A Tale of Two Snapshots. January 1952

THROUGH A TOWNIE’S LENS

By Jock Lauterer
Columnist

To the reader: the following is excerpted from my work-in-progress book honoring my late brother, Nick, titled, “Keeper: A Brother’s Restoration.”

“Family pictures are modest, they’re not often slick and polished, and their specialness to us can be opaque to strangers. But, they’re a record of our passage through our lives, a visual diary… a way of honoring these lives we get to lead on this earth, an attempt at fixing in time, and holding on to, people we loved and who loved us. Collectively, over time, they express feelings that no other kinds of photograph can.”

— Michael Johnston, the New Yorker
“The Secret Art of the Family Photo”
July 14, 2022

Through the viewfinder of her Kodak 35, the mother frames her two sons, standing stiffly in the pre-arranged poses she envisioned. Her boys, Nick, 11, and Jock, 6, respond obligingly.

Taken on two consecutive warm Sundays in January 1952, the pair of crinkle-cut snapshots yield a bonanza of information.

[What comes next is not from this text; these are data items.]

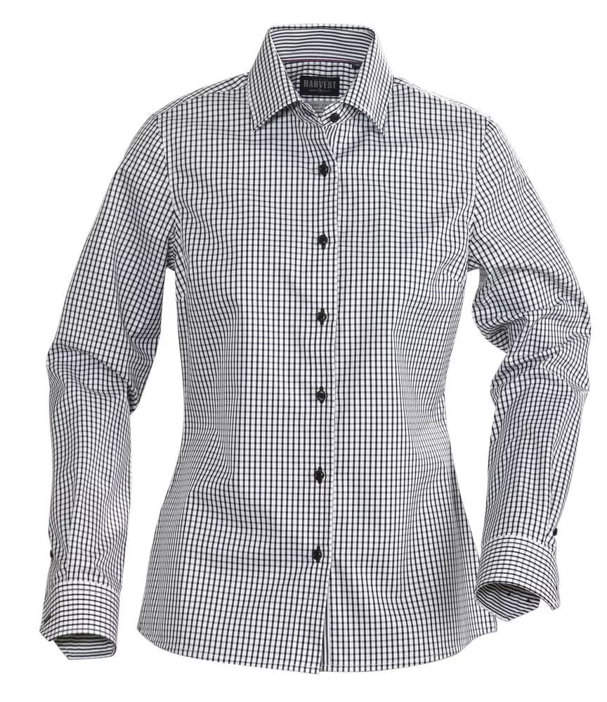 Приталенная женская рубашка из гребенного хлопка качества Easy Care (легко утюжить). Классический узор в клетку с контрастной отделкой оборотной части воротника, изнанки манжет и планки пуговиц. Упрочненные швы воротника и манжет. Прошитые складки на спине.
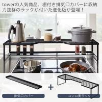 towerの人気商品、棚付き排気口カバーに収納力抜群のラックが付いた進化版が登場!汚れをカバーしながらキッチン周りをすっきり整頓できる優れものです。
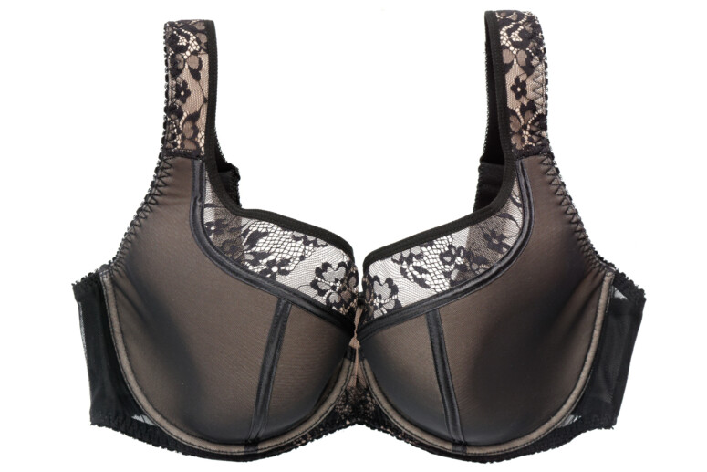 Do Alicante podchodziłam na początku z rezerwą, bo koncepcja beżowej pianki gorseciarskiej pod koronką właściwie nigdy nie przestała mnie uwierać estetycznie – tam przecież powinno być gołe ciało, a nie coś, co je udaje! I tak by było, gdyby nie usztywnienie… Semisofty jednak mają swoje zagorzałe zwolenniczki oraz pewne obiektywne zalety (o tym, za co można lubić, a za co nie lubić staników półusztywnianych, przeczytasz tutaj), co sprawia, że nie rezygnuję z testowania ich. Zrozumiałam też, że beżowy spód pod czarnym ażurem jednak lżej się prezentuje, niż jednolicie czarna powierzchnia – co jednak dobrze widać dopiero na biuście.
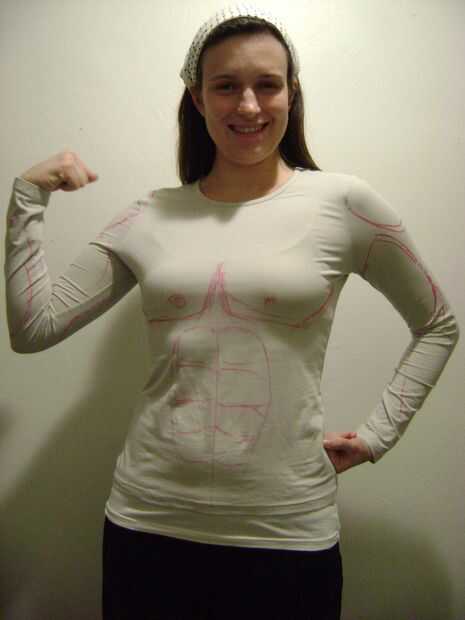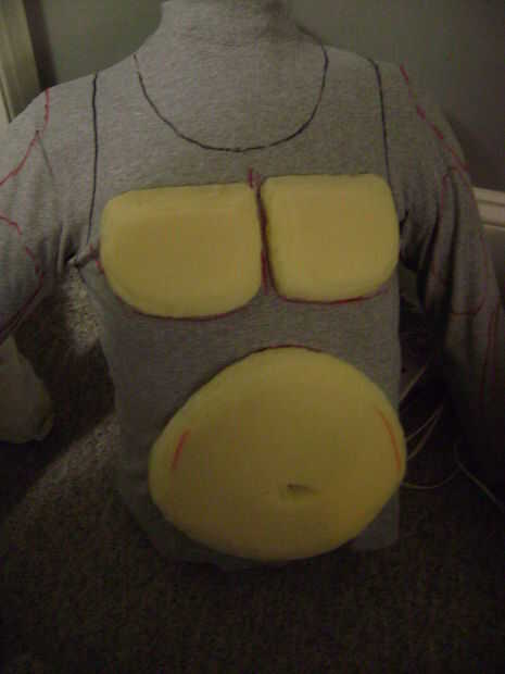 Cortar los músculos fuera de espuma de tapicería y pegar en la camisa, utilizando las líneas dibujadas como su guía.
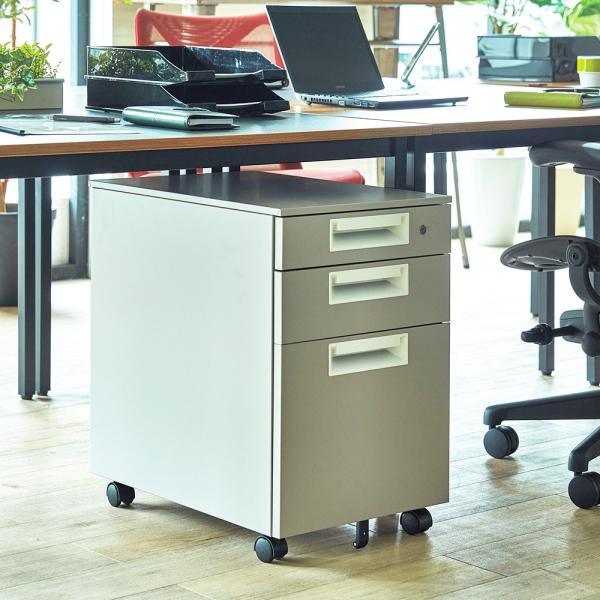 サイドワゴン 3段 鍵付き キャスター付き ワゴン スチールワゴン キャビネット デスクワゴン ペールカラー SH
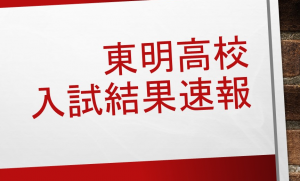 2/10(水)に東明高校の一般入学者選抜試験の合格発表が行われました。 学習診断テスト、合同模試と1年間中3の成果をお伝 … 続きを読む 私立高校合格発表~東明高校編~
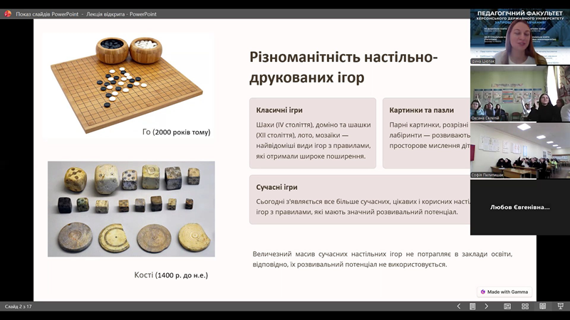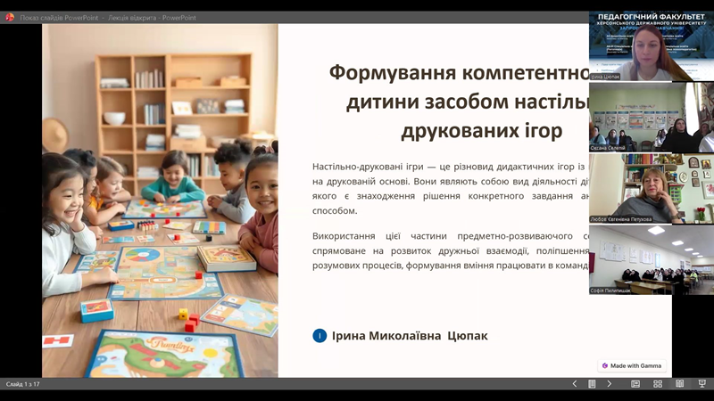 Сьогодні 27.02.2026 року для студентів спеціальності «Дошкільна освіта» Івано-Франківського фахового коледжу Карпатського національного університету імені Василя Стефаника було проведено гостьову лекцію на тему: «Формування компетентностей дитини засобом настільно-друкованих ігор». Спікер заходу Цюпак Ірина Миколаївна, викладачка кафедри педагогіки та психології дошкільної та початкової освіти Херсонського державного університету, представила майбутнім вихователям сучасний погляд на класичний інструментарій.
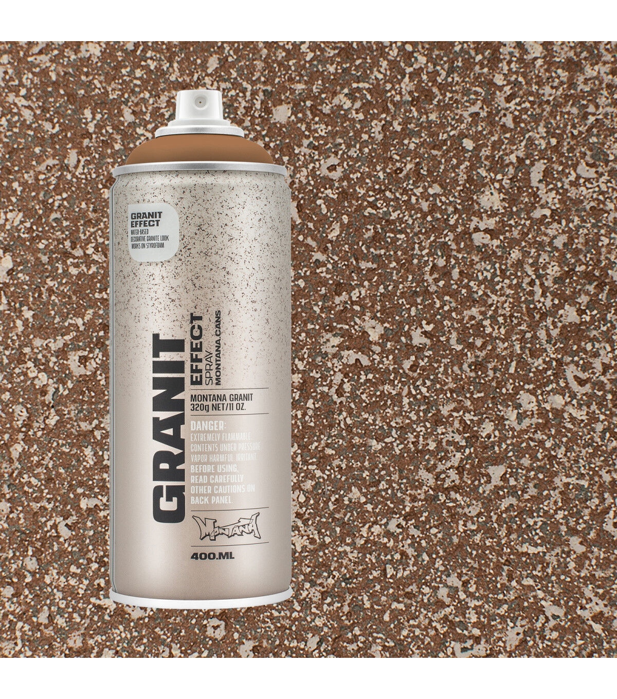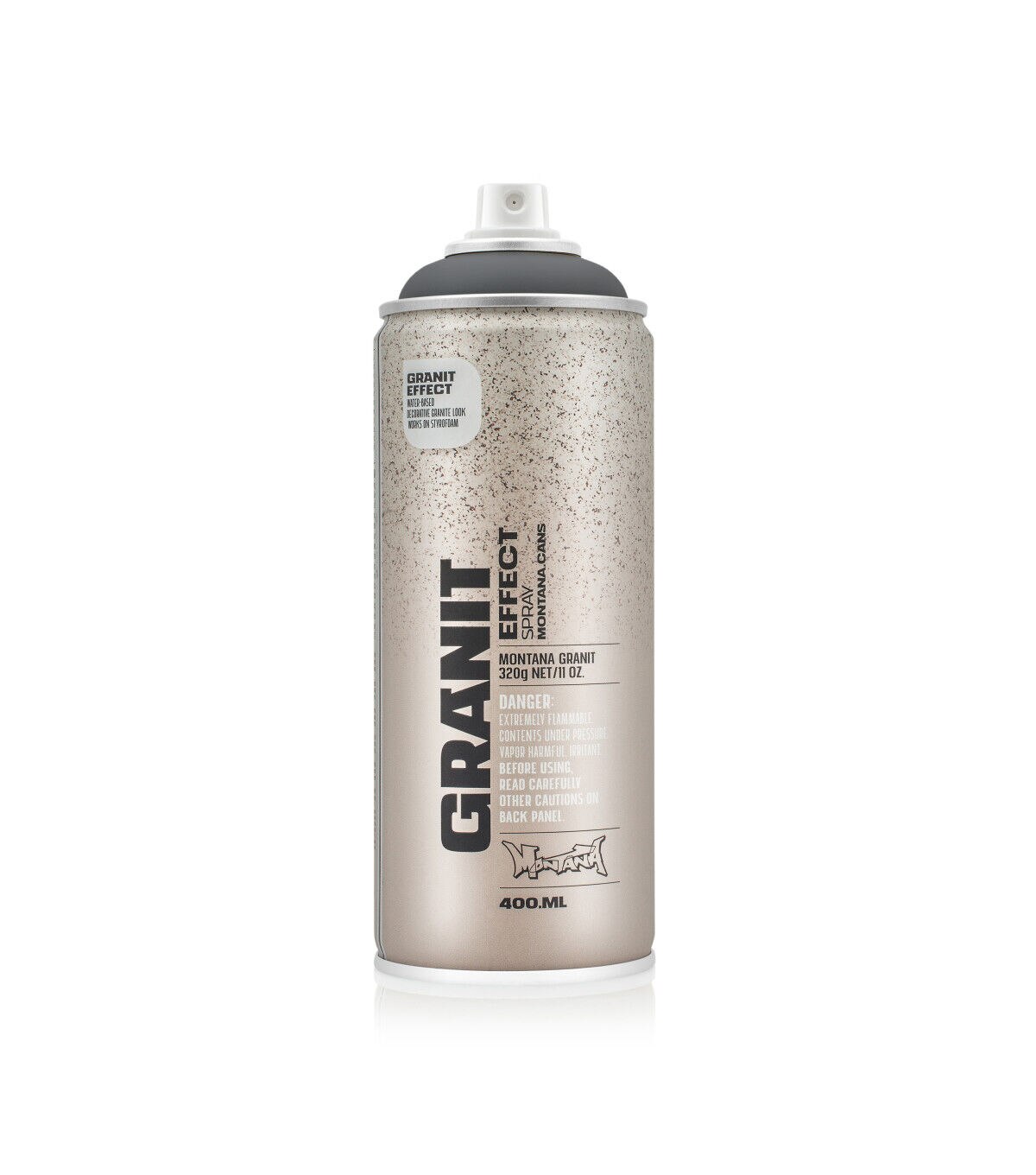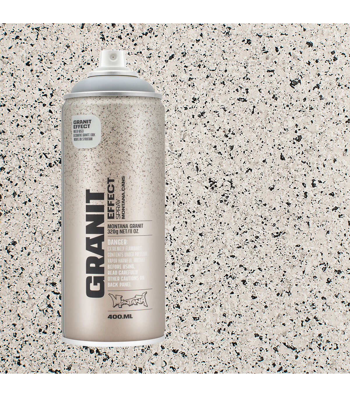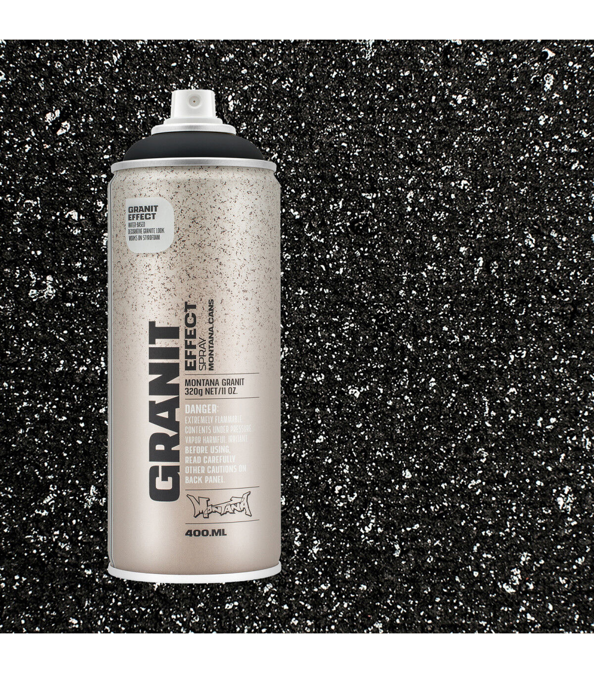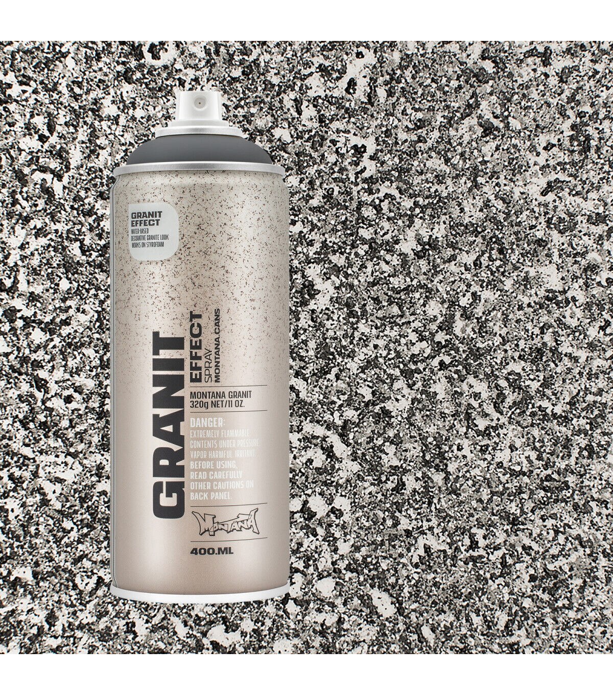 Water-based special effect spray paint with fine plastic particles for a deceivingly realistic granite effect. Applicable on many different surfaces such as paper, cardboard, primed canvas, wood, glass, metal, ceramics, porcelain, stone, polystyrene and other paintable acrylic materials. The Montana GRANIT Effect is very high covering. For best results, prime your surface when using light colored GRANIT Effect shades, particularly when painting on dark surfaces. We recommend using the Montana PRIMER or the Montana TEXTURE spray. The latter will enhance the GRANIT look even more. Can be top-coated once thoroughly dry. Can be combined with Montana GOLD, Montana ACRYLIC markers and standard acrylic paints.

In the first, the two brothers proudly display a miniature Confederate battle flag, the banner of old Dixie, as if to send the message, “We’re Southerners now!” — the recent transplants from the California Bay Area getting acculturated to their new home in the Old North State.

Dressed in light jackets against the mild winter’s weather, both boys appear genuinely happy, little brother with scuffed knees and holding some sort of weird horn — and Nick, grinning gamely for the camera in his Boy Scout T-shirt, indicating that the fledgling Scout was now a Tenderfoot in Troop 9 of Chapel Hill. In the background hangs Mom’s hammock, a favorite plaything for the brothers.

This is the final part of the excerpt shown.